[Data items]

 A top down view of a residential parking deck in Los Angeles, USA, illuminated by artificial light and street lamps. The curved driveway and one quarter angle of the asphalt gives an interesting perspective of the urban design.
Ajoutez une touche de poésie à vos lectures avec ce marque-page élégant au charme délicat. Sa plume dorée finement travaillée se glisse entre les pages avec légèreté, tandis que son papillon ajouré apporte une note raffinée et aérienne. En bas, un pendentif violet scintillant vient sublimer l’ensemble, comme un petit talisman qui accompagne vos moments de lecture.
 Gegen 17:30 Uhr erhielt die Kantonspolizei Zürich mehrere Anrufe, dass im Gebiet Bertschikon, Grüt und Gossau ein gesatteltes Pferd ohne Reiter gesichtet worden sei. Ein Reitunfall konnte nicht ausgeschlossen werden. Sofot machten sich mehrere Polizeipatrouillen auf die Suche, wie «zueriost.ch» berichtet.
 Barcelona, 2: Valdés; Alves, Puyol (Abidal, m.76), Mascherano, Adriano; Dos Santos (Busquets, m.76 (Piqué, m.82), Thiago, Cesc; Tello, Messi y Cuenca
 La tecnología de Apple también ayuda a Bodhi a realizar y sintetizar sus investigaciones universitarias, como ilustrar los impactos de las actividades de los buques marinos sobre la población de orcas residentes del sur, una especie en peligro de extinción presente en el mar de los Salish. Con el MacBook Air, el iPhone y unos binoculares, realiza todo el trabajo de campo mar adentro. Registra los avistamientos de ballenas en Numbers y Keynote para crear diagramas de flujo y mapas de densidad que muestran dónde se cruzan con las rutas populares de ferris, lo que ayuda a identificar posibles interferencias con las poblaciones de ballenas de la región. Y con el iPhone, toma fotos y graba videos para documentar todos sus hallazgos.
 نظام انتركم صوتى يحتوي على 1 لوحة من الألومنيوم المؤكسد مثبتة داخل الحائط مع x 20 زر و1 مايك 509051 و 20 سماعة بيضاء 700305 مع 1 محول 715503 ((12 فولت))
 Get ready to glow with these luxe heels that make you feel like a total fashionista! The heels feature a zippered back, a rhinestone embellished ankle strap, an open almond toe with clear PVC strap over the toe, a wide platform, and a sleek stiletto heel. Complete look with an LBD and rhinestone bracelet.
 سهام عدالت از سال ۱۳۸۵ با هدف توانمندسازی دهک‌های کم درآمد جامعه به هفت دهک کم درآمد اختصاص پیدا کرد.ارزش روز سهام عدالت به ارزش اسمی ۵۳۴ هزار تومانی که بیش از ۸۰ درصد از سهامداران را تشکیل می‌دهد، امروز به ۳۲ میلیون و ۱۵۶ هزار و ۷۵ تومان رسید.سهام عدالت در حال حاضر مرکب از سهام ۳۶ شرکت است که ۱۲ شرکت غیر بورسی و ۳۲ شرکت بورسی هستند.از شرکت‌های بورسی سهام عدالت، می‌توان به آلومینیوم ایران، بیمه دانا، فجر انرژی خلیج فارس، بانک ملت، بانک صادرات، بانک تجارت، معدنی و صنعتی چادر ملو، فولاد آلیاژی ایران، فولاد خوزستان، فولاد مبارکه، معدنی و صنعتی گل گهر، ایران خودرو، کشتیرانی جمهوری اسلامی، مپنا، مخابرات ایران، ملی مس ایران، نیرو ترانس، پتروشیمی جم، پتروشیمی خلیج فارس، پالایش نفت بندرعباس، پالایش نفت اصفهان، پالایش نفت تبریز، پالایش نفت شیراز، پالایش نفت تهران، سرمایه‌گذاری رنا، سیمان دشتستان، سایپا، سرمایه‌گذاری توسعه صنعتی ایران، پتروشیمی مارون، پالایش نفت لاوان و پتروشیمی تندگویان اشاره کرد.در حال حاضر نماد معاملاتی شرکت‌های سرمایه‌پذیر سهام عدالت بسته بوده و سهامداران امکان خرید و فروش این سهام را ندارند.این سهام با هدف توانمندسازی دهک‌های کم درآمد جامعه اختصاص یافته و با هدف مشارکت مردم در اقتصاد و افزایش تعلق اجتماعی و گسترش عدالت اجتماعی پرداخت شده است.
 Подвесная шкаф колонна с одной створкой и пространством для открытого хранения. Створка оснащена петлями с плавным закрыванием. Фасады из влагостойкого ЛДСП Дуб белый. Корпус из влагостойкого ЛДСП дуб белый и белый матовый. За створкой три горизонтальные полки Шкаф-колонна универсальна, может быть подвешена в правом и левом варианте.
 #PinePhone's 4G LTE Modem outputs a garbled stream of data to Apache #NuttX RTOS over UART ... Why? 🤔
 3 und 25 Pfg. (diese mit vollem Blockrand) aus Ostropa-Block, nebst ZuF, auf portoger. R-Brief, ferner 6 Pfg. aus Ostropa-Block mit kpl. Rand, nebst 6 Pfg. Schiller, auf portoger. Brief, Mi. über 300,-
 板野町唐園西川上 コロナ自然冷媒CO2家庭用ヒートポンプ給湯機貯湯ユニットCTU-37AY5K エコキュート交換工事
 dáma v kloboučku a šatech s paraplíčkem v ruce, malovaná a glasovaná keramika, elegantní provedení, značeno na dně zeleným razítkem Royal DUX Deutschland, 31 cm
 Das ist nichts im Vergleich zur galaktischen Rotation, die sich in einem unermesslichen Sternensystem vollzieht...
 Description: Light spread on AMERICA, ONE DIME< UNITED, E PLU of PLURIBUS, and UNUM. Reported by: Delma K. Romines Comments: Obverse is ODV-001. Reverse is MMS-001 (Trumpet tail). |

* **EXERCISE**: An exact copy of every line above is what this asks for.

* **SOLUTION TO THE PROBLEM**:
 A top down view of a residential parking deck in Los Angeles, USA, illuminated by artificial light and street lamps. The curved driveway and one quarter angle of the asphalt gives an interesting perspective of the urban design.
Ajoutez une touche de poésie à vos lectures avec ce marque-page élégant au charme délicat. Sa plume dorée finement travaillée se glisse entre les pages avec légèreté, tandis que son papillon ajouré apporte une note raffinée et aérienne. En bas, un pendentif violet scintillant vient sublimer l’ensemble, comme un petit talisman qui accompagne vos moments de lecture.
 Gegen 17:30 Uhr erhielt die Kantonspolizei Zürich mehrere Anrufe, dass im Gebiet Bertschikon, Grüt und Gossau ein gesatteltes Pferd ohne Reiter gesichtet worden sei. Ein Reitunfall konnte nicht ausgeschlossen werden. Sofot machten sich mehrere Polizeipatrouillen auf die Suche, wie «zueriost.ch» berichtet.
 Barcelona, 2: Valdés; Alves, Puyol (Abidal, m.76), Mascherano, Adriano; Dos Santos (Busquets, m.76 (Piqué, m.82), Thiago, Cesc; Tello, Messi y Cuenca
 La tecnología de Apple también ayuda a Bodhi a realizar y sintetizar sus investigaciones universitarias, como ilustrar los impactos de las actividades de los buques marinos sobre la población de orcas residentes del sur, una especie en peligro de extinción presente en el mar de los Salish. Con el MacBook Air, el iPhone y unos binoculares, realiza todo el trabajo de campo mar adentro. Registra los avistamientos de ballenas en Numbers y Keynote para crear diagramas de flujo y mapas de densidad que muestran dónde se cruzan con las rutas populares de ferris, lo que ayuda a identificar posibles interferencias con las poblaciones de ballenas de la región. Y con el iPhone, toma fotos y graba videos para documentar todos sus hallazgos.
 نظام انتركم صوتى يحتوي على 1 لوحة من الألومنيوم المؤكسد مثبتة داخل الحائط مع x 20 زر و1 مايك 509051 و 20 سماعة بيضاء 700305 مع 1 محول 715503 ((12 فولت))
 Get ready to glow with these luxe heels that make you feel like a total fashionista! The heels feature a zippered back, a rhinestone embellished ankle strap, an open almond toe with clear PVC strap over the toe, a wide platform, and a sleek stiletto heel. Complete look with an LBD and rhinestone bracelet.
 سهام عدالت از سال ۱۳۸۵ با هدف توانمندسازی دهک‌های کم درآمد جامعه به هفت دهک کم درآمد اختصاص پیدا کرد.ارزش روز سهام عدالت به ارزش اسمی ۵۳۴ هزار تومانی که بیش از ۸۰ درصد از سهامداران را تشکیل می‌دهد، امروز به ۳۲ میلیون و ۱۵۶ هزار و ۷۵ تومان رسید.سهام عدالت در حال حاضر مرکب از سهام ۳۶ شرکت است که ۱۲ شرکت غیر بورسی و ۳۲ شرکت بورسی هستند.از شرکت‌های بورسی سهام عدالت، می‌توان به آلومینیوم ایران، بیمه دانا، فجر انرژی خلیج فارس، بانک ملت، بانک صادرات، بانک تجارت، معدنی و صنعتی چادر ملو، فولاد آلیاژی ایران، فولاد خوزستان، فولاد مبارکه، معدنی و صنعتی گل گهر، ایران خودرو، کشتیرانی جمهوری اسلامی، مپنا، مخابرات ایران، ملی مس ایران، نیرو ترانس، پتروشیمی جم، پتروشیمی خلیج فارس، پالایش نفت بندرعباس، پالایش نفت اصفهان، پالایش نفت تبریز، پالایش نفت شیراز، پالایش نفت تهران، سرمایه‌گذاری رنا، سیمان دشتستان، سایپا، سرمایه‌گذاری توسعه صنعتی ایران، پتروشیمی مارون، پالایش نفت لاوان و پتروشیمی تندگویان اشاره کرد.در حال حاضر نماد معاملاتی شرکت‌های سرمایه‌پذیر سهام عدالت بسته بوده و سهامداران امکان خرید و فروش این سهام را ندارند.این سهام با هدف توانمندسازی دهک‌های کم درآمد جامعه اختصاص یافته و با هدف مشارکت مردم در اقتصاد و افزایش تعلق اجتماعی و گسترش عدالت اجتماعی پرداخت شده است.
 Подвесная шкаф колонна с одной створкой и пространством для открытого хранения. Створка оснащена петлями с плавным закрыванием. Фасады из влагостойкого ЛДСП Дуб белый. Корпус из влагостойкого ЛДСП дуб белый и белый матовый. За створкой три горизонтальные полки Шкаф-колонна универсальна, может быть подвешена в правом и левом варианте.
 #PinePhone's 4G LTE Modem outputs a garbled stream of data to Apache #NuttX RTOS over UART ... Why? 🤔
 3 und 25 Pfg. (diese mit vollem Blockrand) aus Ostropa-Block, nebst ZuF, auf portoger. R-Brief, ferner 6 Pfg. aus Ostropa-Block mit kpl. Rand, nebst 6 Pfg. Schiller, auf portoger. Brief, Mi. über 300,-
 板野町唐園西川上 コロナ自然冷媒CO2家庭用ヒートポンプ給湯機貯湯ユニットCTU-37AY5K エコキュート交換工事
 dáma v kloboučku a šatech s paraplíčkem v ruce, malovaná a glasovaná keramika, elegantní provedení, značeno na dně zeleným razítkem Royal DUX Deutschland, 31 cm
 Das ist nichts im Vergleich zur galaktischen Rotation, die sich in einem unermesslichen Sternensystem vollzieht...
 Description: Light spread on AMERICA, ONE DIME< UNITED, E PLU of PLURIBUS, and UNUM. Reported by: Delma K. Romines Comments: Obverse is ODV-001. Reverse is MMS-001 (Trumpet tail). |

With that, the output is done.